## Exercise objective:
Produce a verbatim copy of the records, and keep the images out of it.

Dataset items:
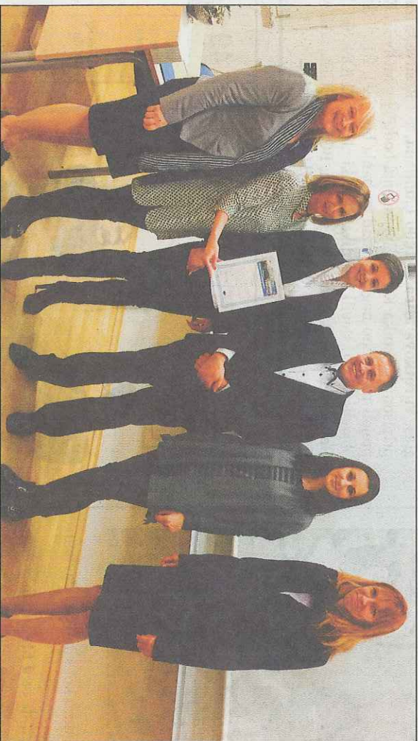
BC Naklo je prejel Erasmus+ listino kakovosti za mobilnosti v poklicnem izobraževanju in usposabljanju

Erasmus+ listina je tudi snova za nove kakovostne mobilnosti dijakov in učiteljev za obdobje do leta 2020. Z uspešno pridobitvijo projekta bodo leta 2020 lahko v tujino odšlo 70 učiteljev in 140 dijakov, ki se bodo na partnerskih srednjih šolah praktično izo-
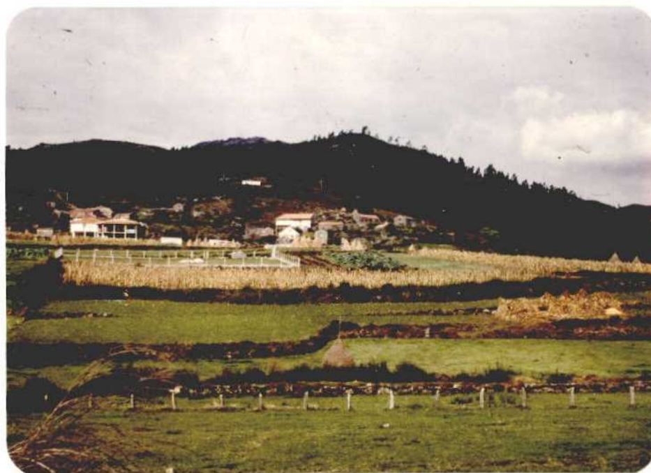
Fotografía núm. 10. Alrededores de Tourón, término municipal de Ponte-Caldelas, distante 12 km. de Pontevedra. Una gran parte de la población activa trabaja en la ciudad, con el consiguiente aumento en el nivel de vida. La construcción de nuevas viviendas en la zona rural es consecuencia de ello, y de la vuelta de los emigrantes.
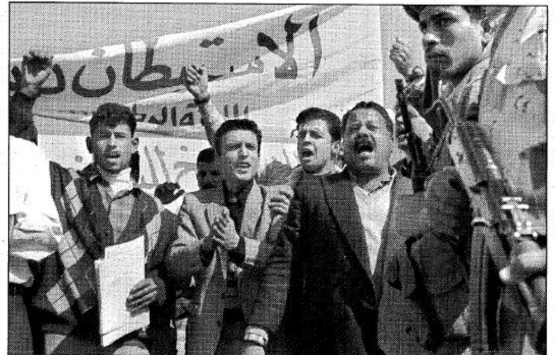
شرطة فلسطينية تحمي بعض المظاهرات الذين يرددون هتافات معادية لاسرائيل تظاهروا بالقرب من مستوطنتي جوسن كاتيف وكترامور للاسرائيليين احتجاجاً على سياسة الاستيطان الاسرائيلية.
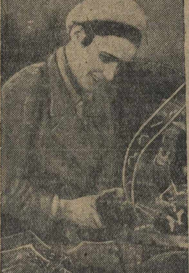
Стахановцы фабрики «Красный Октябрь» успешно борются за увеличение производительности.
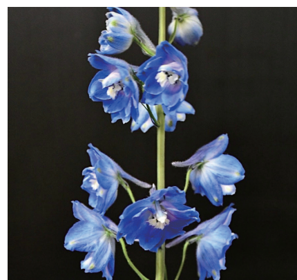
アズールブルー デルフィニウム
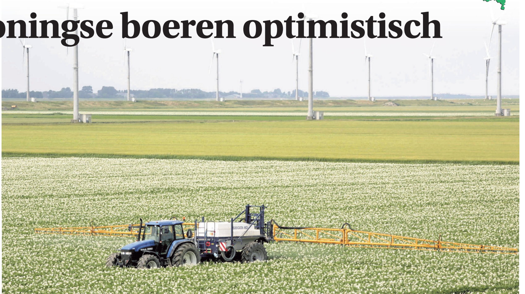
Groningse ondernemers noemen vooral de ruimte, het klimaat, de goede verkaveling, de goede kwaliteit van grond en de omvang van het bedrijf als sterke punten.
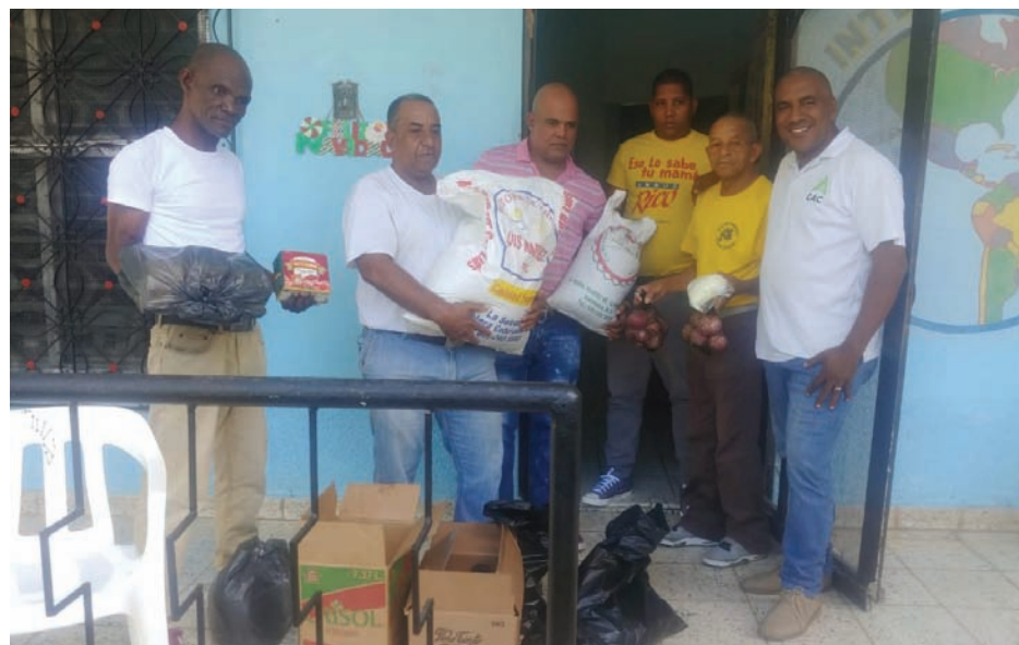
Hogar Crea internacional recibe alimentos para su cena navideña.

Para el Consorcio Azucarero Central (CAC) es importante aportar a las causas de bien social, el CAC cree en las oportunidades y los derechos, es por esto que, en una época de renacimiento y reconciliación como lo es la navidad, la empresa colaboró con Hogar Crea internacional y Hogar Crea Dominicano en Barahona.
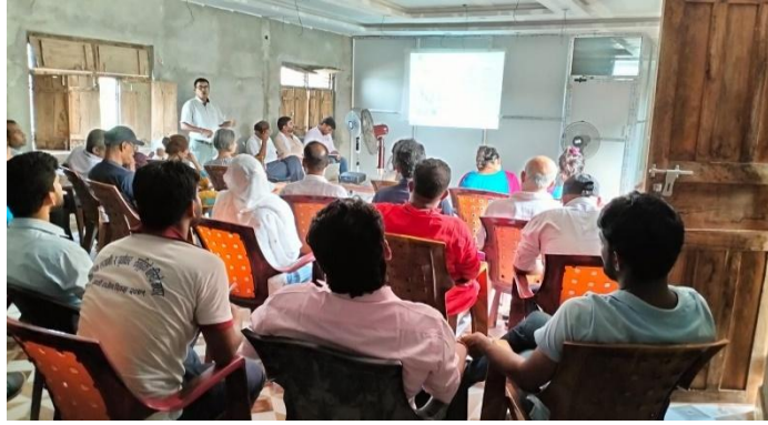
शाखा प्रमुखहरु संग समन्वय बैठक
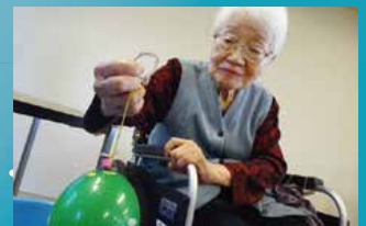
老人保健施設 モエズガーデン小樽
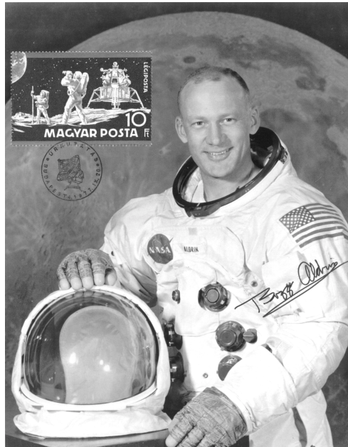
E. E. Aldrin az Apollo-11 holdexpedícióban a holdkomp pilótája volt. Armstrongot követve második emberként lépett a Hold felszínére.
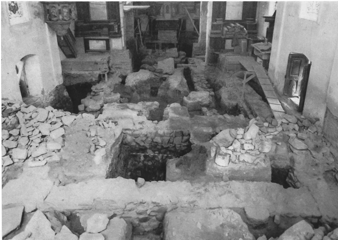
Abb. 42. Tuggen. Ausgrabungen 1958. Gesamtüberblick aus West über das Ausgrabungsfeld im Chor und Schiff der Pfarrkirche.

Ravenna, der Tuggen (Duebon oder Duchon?) in seiner Weltbeschreibung zwischen Zürich und Chur erwähnt, andererseits die Lebensbeschreibung des hl. Gallus, wonach dieser unter der Obhut des hl. Kolumban und in Begleitung weiterer Mönchsbrüder um 610 in Tuggen ein Klösterchen zu bauen und den christlichen Glauben zu predigen begann. Alsdann erscheint Tuggen in dem ums Jahr 831 aufgesetzten Reichsurbar von Chur als «Hof zu Tuggenried», zu dem 100 Joch Ackerland, an Wiesen ein Ertrag von 50 Fudern und eine Kirche mit gutem Zehnt sowie 10 Huben und eine Mühle gehörten.
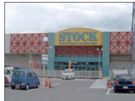
ホームセンターストック
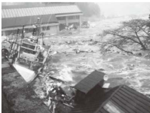
役場庁舎に激突する漁船

首長からは災害対策本部からの指示を待つことがなく、各々の担当部署で自ら考え、住民の不安を一つでも解消できるよう積極的な行動を行うよう指示されましたが、最初の 3 日間、1 週間は不眠不休で対応に従事しましたが、あまり膨大な数の課題があり、マンパワー不足を痛切に感じました。
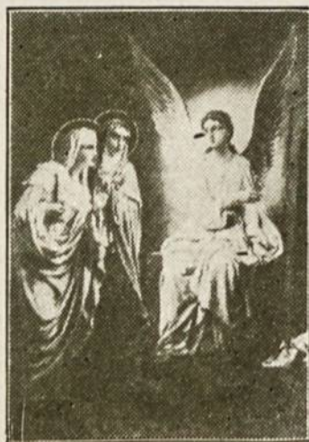
"Jo čia nėra, nes prisikėlė, kaip buvo sakęs."

Šios pridedamosios Velykų apeigos yra labai reikšmingos, gražios ir palai-kytinos visose mūsų bažnyčiose. Mes švenčiame Velykas taip, kaip mūsų bociiai prieš 300 ar 600 metų jas švęsdavo.
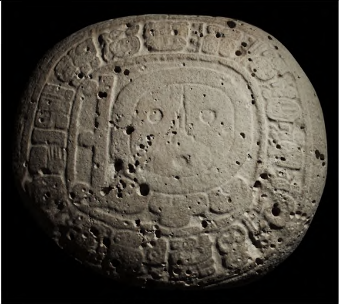
Altar 14 de Tikal.
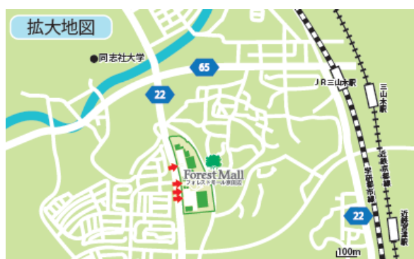
JR 三山木駅より徒歩約22分

使用料 平日：16,500円/日 (税込) 土日祝：33,000円/日 電源 有り
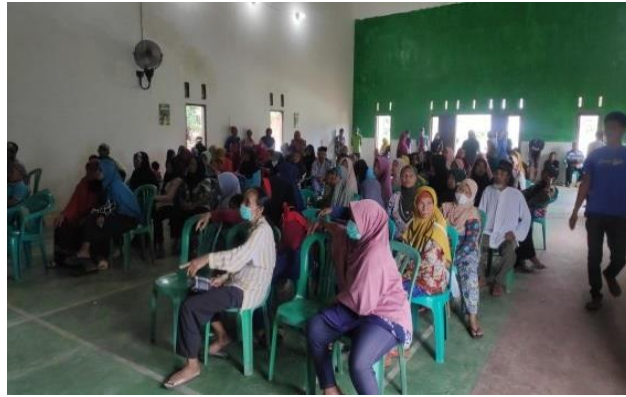
Gambar 2.3.4 Administrasi BLT

Pada hari Senin, 15 Agustus 2022 kami melakukan kegiatan di Balai Desa terkait pendataan Administrasi Dalam pembagian BLT.
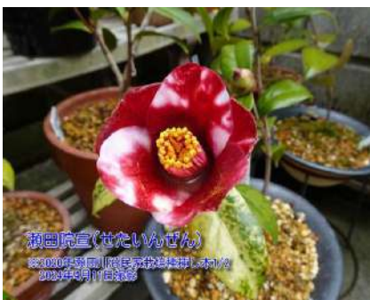
瀬田院宣①(せたいんぜん)

濃紅地に白斑の入る 一重 筒～ラップ咲き 小輪 2020年挿し木 瀬田川浴民家栽培種
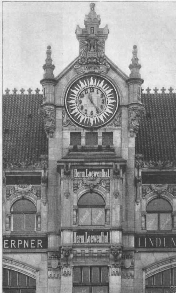
Fig. 30. Haus zur Berolina, Hausvoigteiplatz 12.

Schon diese kleine Tabelle spricht für sich selbst und bedarf kaum eines weitem Kommentars. Sehr einlässlich sind die Verhältnisse namentlich in Berlin untersucht worden, wo vom Direktor des dortigen meteorologisch-magnetischen Observatoriums, Professor von Bezold, lebhaft Einsprache gegen die Anlage einer elektrischen Bahn im nähern Umkreise
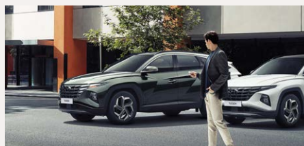
Távírányításos beparkoló rendszer
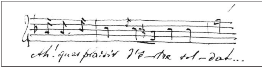
Fig. 3. BC M 964. CUI, César. 17 19-05-1894. Ah! Quel plaisir d'être soldat

En mayo de 1894, César Cui le comenta que está preparando un arreglo a dos voces de Ah! Quel plaisir d'être soldat , de François-Adrien Boïeldieu 38 , y le envía un fragmento copiado de su puño y letra: 39
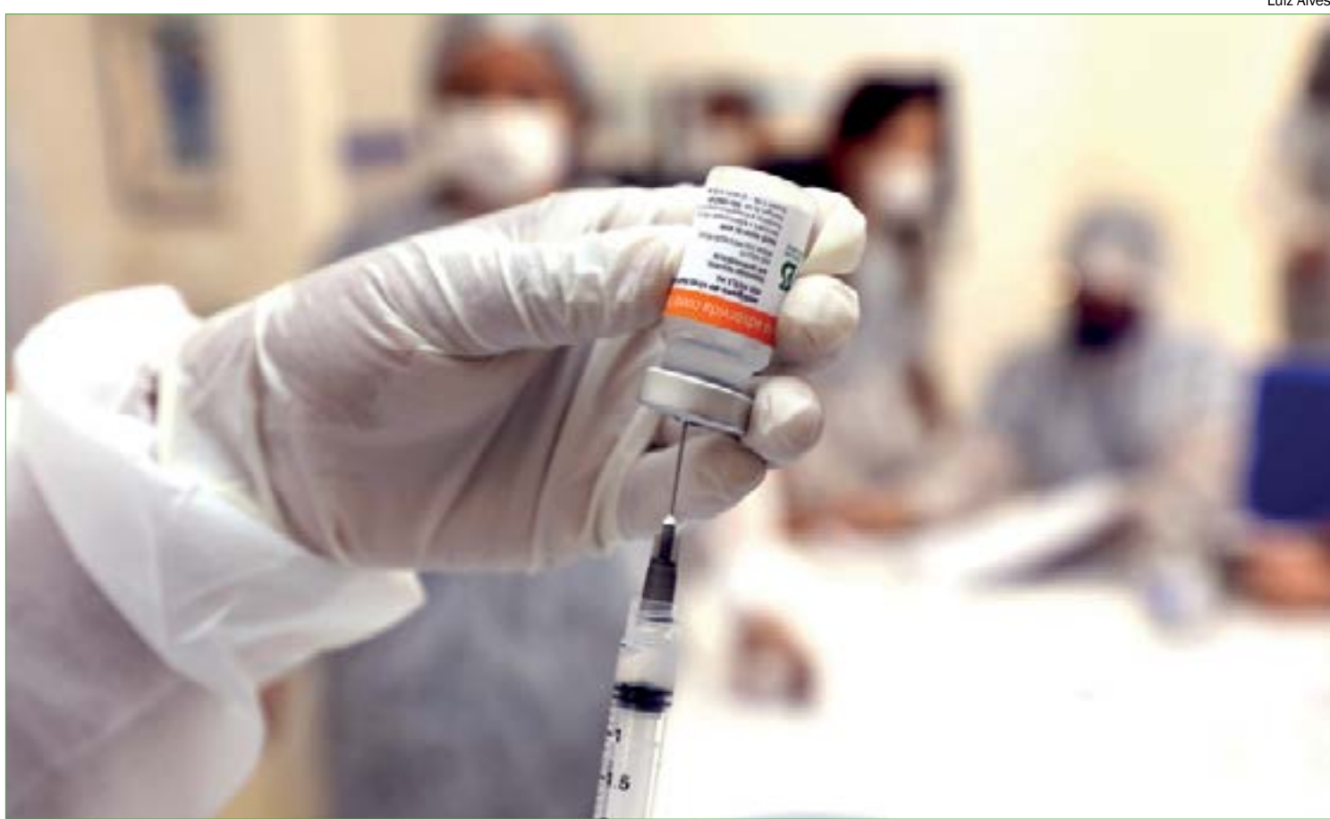
Segunda onda de infecções exigirá a adoção de medidas mais enérgicas para conter o avanço do vírus

O governo não tem contabilizado dados de quantos profissionais de saúde deixaram de se vacinar. Dados da Prefeitura de Cuiabá apontam que, dos 23 mil trabalhadores que deveriam ser imunizados na primeira etapa, apenas 4.691 haviam sido vacinados até a última quarta-feira (27). Nenhum dos órgãos sabe o motivo para a baixa procura.
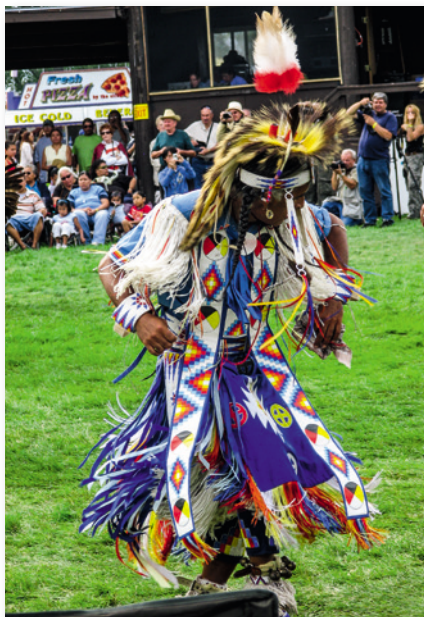
Powwows sind Ausdruck des Selbstbewusstseins der Indianer
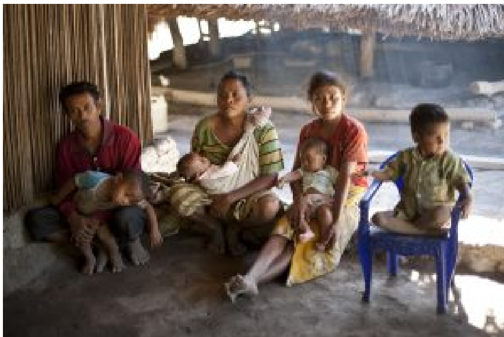
Dörfliches Leben an der Grenze zu Indonesien

Keine der großen Parteien, die bei der vorgezogenen Wahl am 12. Mai 2018 antraten, wird die Armutsbekämpfung im Land drastisch verbessern. Die FRETILIN hätte unter Alkatiris strikt reglementierter Führung die Elite noch exklusiver gefördert. Auch Xanana Gusmão und die CNRT werden die Ausbreitung der Korruption im Land nicht unterbinden. Ein wenig Hoffnung auf Veränderung bietet die neue Partei PLP um Expräsidenten Taur Matan Ruak mit seinem überwiegend jungen Team.
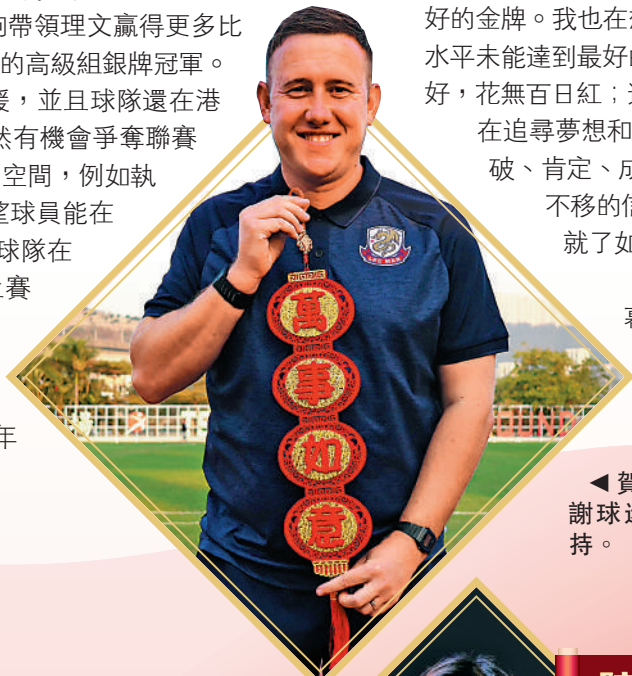
◀賀蘭特感謝球迷熱情支持。

最後，我祝願各位球迷新年快樂，萬事如意，亦希望球隊越來越好，明年球場上我們再見！
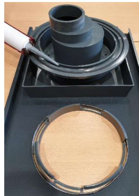
8 • Positionnement du MS Polymère dans l'encoche du collet-battu.
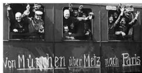
Erster Weltkrieg 1914 - 1918
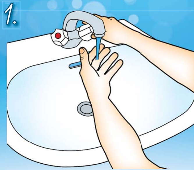
1. Navlhčete si ruce pod tekoucí vodou.
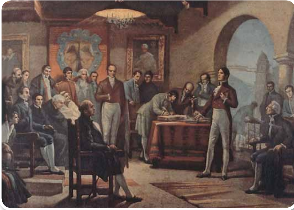
Firma del Acta de Independencia en el Cabildo de Santa Fe, el 20 de julio de 1810.
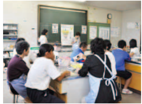
▼食事バランスガイドの活用法を中学生へ伝授
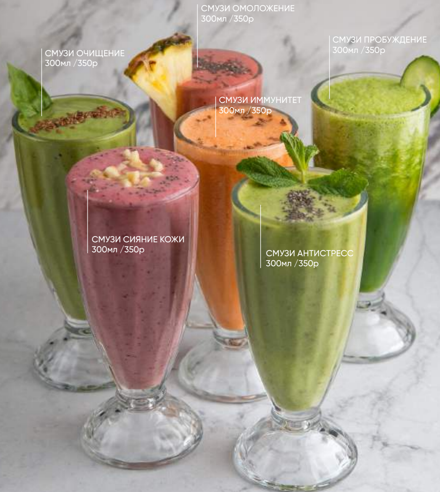
СМУЗИ ОЧИЩЕНИЕ 300мл / 350р

## Written response:
BC Naklo je prejel Erasmus+ listino kakovosti za mobilnosti v poklicnem izobraževanju in usposabljanju

Erasmus+ listina je tudi snova za nove kakovostne mobilnosti dijakov in učiteljev za obdobje do leta 2020. Z uspešno pridobitvijo projekta bodo leta 2020 lahko v tujino odšlo 70 učiteljev in 140 dijakov, ki se bodo na partnerskih srednjih šolah praktično izo-
Fotografía núm. 10. Alrededores de Tourón, término municipal de Ponte-Caldelas, distante 12 km. de Pontevedra. Una gran parte de la población activa trabaja en la ciudad, con el consiguiente aumento en el nivel de vida. La construcción de nuevas viviendas en la zona rural es consecuencia de ello, y de la vuelta de los emigrantes.
شرطة فلسطينية تحمي بعض المظاهرات الذين يرددون هتافات معادية لاسرائيل تظاهروا بالقرب من مستوطنتي جوسن كاتيف وكترامور للاسرائيليين احتجاجاً على سياسة الاستيطان الاسرائيلية.
Стахановцы фабрики «Красный Октябрь» успешно борются за увеличение производительности.
アズールブルー デルフィニウム
Groningse ondernemers noemen vooral de ruimte, het klimaat, de goede verkaveling, de goede kwaliteit van grond en de omvang van het bedrijf als sterke punten.
Hogar Crea internacional recibe alimentos para su cena navideña.

Para el Consorcio Azucarero Central (CAC) es importante aportar a las causas de bien social, el CAC cree en las oportunidades y los derechos, es por esto que, en una época de renacimiento y reconciliación como lo es la navidad, la empresa colaboró con Hogar Crea internacional y Hogar Crea Dominicano en Barahona.
शाखा प्रमुखहरु संग समन्वय बैठक
老人保健施設 モエズガーデン小樽
E. E. Aldrin az Apollo-11 holdexpedícióban a holdkomp pilótája volt. Armstrongot követve második emberként lépett a Hold felszínére.
Abb. 42. Tuggen. Ausgrabungen 1958. Gesamtüberblick aus West über das Ausgrabungsfeld im Chor und Schiff der Pfarrkirche.

Ravenna, der Tuggen (Duebon oder Duchon?) in seiner Weltbeschreibung zwischen Zürich und Chur erwähnt, andererseits die Lebensbeschreibung des hl. Gallus, wonach dieser unter der Obhut des hl. Kolumban und in Begleitung weiterer Mönchsbrüder um 610 in Tuggen ein Klösterchen zu bauen und den christlichen Glauben zu predigen begann. Alsdann erscheint Tuggen in dem ums Jahr 831 aufgesetzten Reichsurbar von Chur als «Hof zu Tuggenried», zu dem 100 Joch Ackerland, an Wiesen ein Ertrag von 50 Fudern und eine Kirche mit gutem Zehnt sowie 10 Huben und eine Mühle gehörten.
ホームセンターストック
役場庁舎に激突する漁船

首長からは災害対策本部からの指示を待つことがなく、各々の担当部署で自ら考え、住民の不安を一つでも解消できるよう積極的な行動を行うよう指示されましたが、最初の 3 日間、1 週間は不眠不休で対応に従事しましたが、あまり膨大な数の課題があり、マンパワー不足を痛切に感じました。
"Jo čia nėra, nes prisikėlė, kaip buvo sakęs."

Šios pridedamosios Velykų apeigos yra labai reikšmingos, gražios ir palai-kytinos visose mūsų bažnyčiose. Mes švenčiame Velykas taip, kaip mūsų bociiai prieš 300 ar 600 metų jas švęsdavo.
Altar 14 de Tikal.
JR 三山木駅より徒歩約22分

使用料 平日：16,500円/日 (税込) 土日祝：33,000円/日 電源 有り
Gambar 2.3.4 Administrasi BLT

Pada hari Senin, 15 Agustus 2022 kami melakukan kegiatan di Balai Desa terkait pendataan Administrasi Dalam pembagian BLT.
瀬田院宣①(せたいんぜん)

濃紅地に白斑の入る 一重 筒～ラップ咲き 小輪 2020年挿し木 瀬田川浴民家栽培種
Fig. 30. Haus zur Berolina, Hausvoigteiplatz 12.

Schon diese kleine Tabelle spricht für sich selbst und bedarf kaum eines weitem Kommentars. Sehr einlässlich sind die Verhältnisse namentlich in Berlin untersucht worden, wo vom Direktor des dortigen meteorologisch-magnetischen Observatoriums, Professor von Bezold, lebhaft Einsprache gegen die Anlage einer elektrischen Bahn im nähern Umkreise
Távírányításos beparkoló rendszer
Fig. 3. BC M 964. CUI, César. 17 19-05-1894. Ah! Quel plaisir d'être soldat

En mayo de 1894, César Cui le comenta que está preparando un arreglo a dos voces de Ah! Quel plaisir d'être soldat , de François-Adrien Boïeldieu 38 , y le envía un fragmento copiado de su puño y letra: 39
Segunda onda de infecções exigirá a adoção de medidas mais enérgicas para conter o avanço do vírus

O governo não tem contabilizado dados de quantos profissionais de saúde deixaram de se vacinar. Dados da Prefeitura de Cuiabá apontam que, dos 23 mil trabalhadores que deveriam ser imunizados na primeira etapa, apenas 4.691 haviam sido vacinados até a última quarta-feira (27). Nenhum dos órgãos sabe o motivo para a baixa procura.
Powwows sind Ausdruck des Selbstbewusstseins der Indianer
Dörfliches Leben an der Grenze zu Indonesien

Keine der großen Parteien, die bei der vorgezogenen Wahl am 12. Mai 2018 antraten, wird die Armutsbekämpfung im Land drastisch verbessern. Die FRETILIN hätte unter Alkatiris strikt reglementierter Führung die Elite noch exklusiver gefördert. Auch Xanana Gusmão und die CNRT werden die Ausbreitung der Korruption im Land nicht unterbinden. Ein wenig Hoffnung auf Veränderung bietet die neue Partei PLP um Expräsidenten Taur Matan Ruak mit seinem überwiegend jungen Team.
◀賀蘭特感謝球迷熱情支持。

最後，我祝願各位球迷新年快樂，萬事如意，亦希望球隊越來越好，明年球場上我們再見！
8 • Positionnement du MS Polymère dans l'encoche du collet-battu.
Erster Weltkrieg 1914 - 1918
1. Navlhčete si ruce pod tekoucí vodou.
Firma del Acta de Independencia en el Cabildo de Santa Fe, el 20 de julio de 1810.
▼食事バランスガイドの活用法を中学生へ伝授
СМУЗИ ОЧИЩЕНИЕ 300мл / 350р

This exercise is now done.